The IMC blamed the IRA for a multi-million pound robbery of goods from the Makro store in Dunmurry, outside Belfast, in May and said it was "engaged in significant amounts of smuggling".

"In the South of Ireland certain of the organised (IRA) criminal activity seems to have been closed down, and we have found no recent evidence of violent paramilitary activity," it added.

"We conclude that since our last report [ in April] there is no fundamental change in the capacity of the organisation or its maintenance of a state of preparedness, but we also find no evidence of activity that might presage a return to a paramilitary campaign," the IMC stated.

The commission reported that the UVF, the Red Hand Commando, the UDA, the LVF, the INLA, the Real IRA and Continuity IRA were all engaged in violence and organised crime. It also referred to UVF racist attacks and some "vicious" UDA sectarian attacks.

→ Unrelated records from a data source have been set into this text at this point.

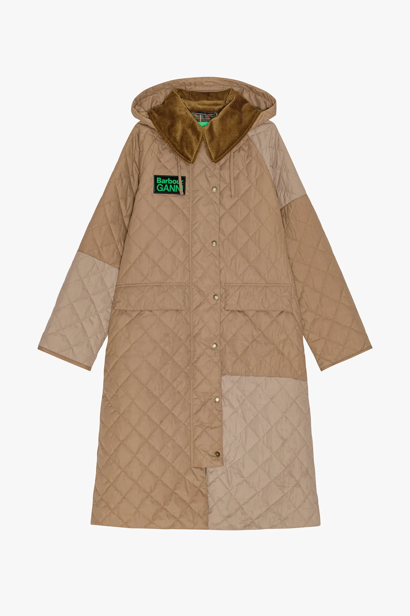 GANNI x Barbour returns. We've rejoined forces with the iconic British brand for another playful spin on the heritage label's classic wax jackets. A timeless celebration of craftsmanship, tradition, and durability, GANNI x Barbour brings together the best of both worlds, connecting old-school British heritage with Scandi 2.0 and a shared dedication to responsibility. This GANNI x Barbour Burghley Quilted Jacket is made from polyester and designed for a relaxed fit with a longer length design for a trench-inspired feel. The jacket features an exaggerated cord collar, concealed zip closure, snap buttons, lower welt pockets, patchwork finish, back stud placket fastening and a green rubber GANNI x Barbour logo badge at the front. DETAILS - 100% recycled polyester - Inner: 100% polyester - Filling: 100% polyester - Collar: 100% cotton - Exaggerated cord collar - Concealed zip closure - Snap buttons - Lower welt pockets - Patchwork finish - Back stud placket fastening - Green rubber GANNI x Barbour logo badge at the front Made in: Vietnam Product ID: F8820 SIZE & FIT - Designed for a relaxed fit - Mediumweight, quilted fabric - Take your normal size to achieve the model's look, those in between sizes or with a smaller frame might consider taking a size down - Please be aware that our size chart aligns with regular GANNI sizing. Please note your GANNI x Barbour product will arrive with Barbour size tag on your product - Zoey is 5’10” and wears a size US 4
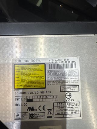 Unidad lectora y grabadora de DVD/CD de Pioneer. - Modelo: BDC-TD02VA - Fabricado en marzo de 2010. - Conexión: 5V.
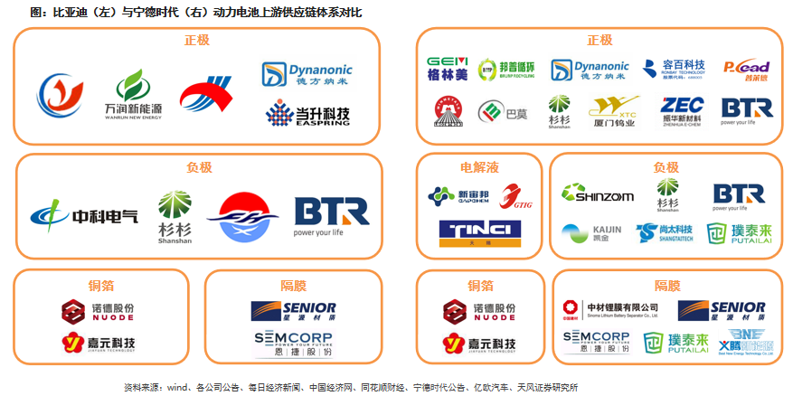 在动力电池方面,比亚迪上游材料供应链体系数质兼具。上游材料供应链包含多家供应商,可以加强对供应商话语权的同时,增加自身供应商的质量和供应体系的稳定性。

Sinn Féin said supporters of the Belfast Agreement could not "pander to the IMC and allow it to exert a negative influence" over the peace process. "Reports produced by the IMC are based solely on material provided by the securocrats within the Special Branch, MI5 and British Military Intelligence. All of these organisations are opposed to the peace process and opposed to the Good Friday agreement," said the party's policing spokesman Mr Gerry Kelly.

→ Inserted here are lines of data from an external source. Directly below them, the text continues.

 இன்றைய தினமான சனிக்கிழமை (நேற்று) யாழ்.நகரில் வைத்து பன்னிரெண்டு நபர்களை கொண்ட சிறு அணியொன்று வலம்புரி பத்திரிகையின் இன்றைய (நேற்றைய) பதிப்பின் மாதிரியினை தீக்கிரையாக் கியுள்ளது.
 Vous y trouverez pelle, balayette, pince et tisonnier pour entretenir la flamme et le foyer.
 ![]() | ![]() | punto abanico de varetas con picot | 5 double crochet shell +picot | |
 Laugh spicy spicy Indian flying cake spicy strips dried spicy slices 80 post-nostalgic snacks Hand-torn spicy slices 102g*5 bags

Mr Mark Durkan, the SDLP leader, countered saying there was no such thing as an acceptable level of paramilitary activity.

"Sinn Féin in their predictable, dismissive attacks are trying to ignore the facts of what the IMC is reporting onThey are neither figments of the IMC's imaginations or other peoples briefings."

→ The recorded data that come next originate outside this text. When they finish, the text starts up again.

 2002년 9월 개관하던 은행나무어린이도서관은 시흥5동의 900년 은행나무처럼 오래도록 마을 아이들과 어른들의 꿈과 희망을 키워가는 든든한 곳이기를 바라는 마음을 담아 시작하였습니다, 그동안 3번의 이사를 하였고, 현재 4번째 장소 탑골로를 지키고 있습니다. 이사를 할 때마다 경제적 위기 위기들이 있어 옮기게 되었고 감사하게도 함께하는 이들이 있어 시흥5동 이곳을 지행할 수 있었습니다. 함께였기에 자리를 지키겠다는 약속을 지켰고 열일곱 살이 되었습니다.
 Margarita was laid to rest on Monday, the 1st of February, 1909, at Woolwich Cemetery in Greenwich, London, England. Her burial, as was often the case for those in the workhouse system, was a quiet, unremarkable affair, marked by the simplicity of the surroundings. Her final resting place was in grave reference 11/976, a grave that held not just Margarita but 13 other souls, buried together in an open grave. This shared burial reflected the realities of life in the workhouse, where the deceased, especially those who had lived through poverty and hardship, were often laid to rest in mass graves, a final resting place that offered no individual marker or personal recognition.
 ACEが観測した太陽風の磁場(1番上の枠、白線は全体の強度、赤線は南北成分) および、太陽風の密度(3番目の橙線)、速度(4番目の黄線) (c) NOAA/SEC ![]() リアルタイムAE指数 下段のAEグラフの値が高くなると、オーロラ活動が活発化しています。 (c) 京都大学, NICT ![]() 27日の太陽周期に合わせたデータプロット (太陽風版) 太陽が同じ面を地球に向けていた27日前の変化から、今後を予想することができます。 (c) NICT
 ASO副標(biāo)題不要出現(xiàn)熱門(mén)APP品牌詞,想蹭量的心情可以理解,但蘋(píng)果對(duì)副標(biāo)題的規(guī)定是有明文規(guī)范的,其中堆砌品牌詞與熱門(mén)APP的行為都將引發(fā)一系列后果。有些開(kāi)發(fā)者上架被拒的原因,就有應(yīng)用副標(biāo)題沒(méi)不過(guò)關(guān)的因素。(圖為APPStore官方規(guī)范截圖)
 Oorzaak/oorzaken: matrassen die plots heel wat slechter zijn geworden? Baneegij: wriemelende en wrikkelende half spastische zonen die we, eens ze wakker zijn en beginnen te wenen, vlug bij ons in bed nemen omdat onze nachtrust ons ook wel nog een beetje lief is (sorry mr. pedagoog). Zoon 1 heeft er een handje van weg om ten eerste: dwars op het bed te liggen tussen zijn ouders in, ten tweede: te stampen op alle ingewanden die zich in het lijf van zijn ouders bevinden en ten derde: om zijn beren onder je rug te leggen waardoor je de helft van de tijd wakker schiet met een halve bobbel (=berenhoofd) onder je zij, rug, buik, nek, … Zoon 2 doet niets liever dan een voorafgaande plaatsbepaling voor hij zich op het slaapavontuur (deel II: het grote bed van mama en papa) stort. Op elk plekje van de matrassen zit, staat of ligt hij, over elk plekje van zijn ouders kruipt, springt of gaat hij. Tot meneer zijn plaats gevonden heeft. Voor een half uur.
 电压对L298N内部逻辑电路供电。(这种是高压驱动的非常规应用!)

Mr Billy Hutchinson of the Progressive Unionist Party, which is linked to the UVF, said some findings were predictable and the IMC did not offer a strategy to encourage paramilitary groups to stop illegal activities.

Ulster Unionist Sir Reg Empey said the IMC was the brainchild of his party and those who "slated [ it] as a toothless and a meaningless body" were now fully using its findings to assess their own political position.

The DUP leader, the Rev Ian Paisley, said: "At a time when we are being told that it is the DUP who are frustrating attempts to reach an agreement it is clear that the IRA have continued to break every rule in the book and has refused to commit themselves to exclusively peaceful and democratic means. Now is the time for action from the government. . . It is time to get tough with Sinn Féin/IRA."

Northern Secretary Mr Paul Murphy said: "Paramilitary violence. . . has considerably reduced in the past six months but remains at a disturbingly high level . . Most violence is attributable to loyalist groups."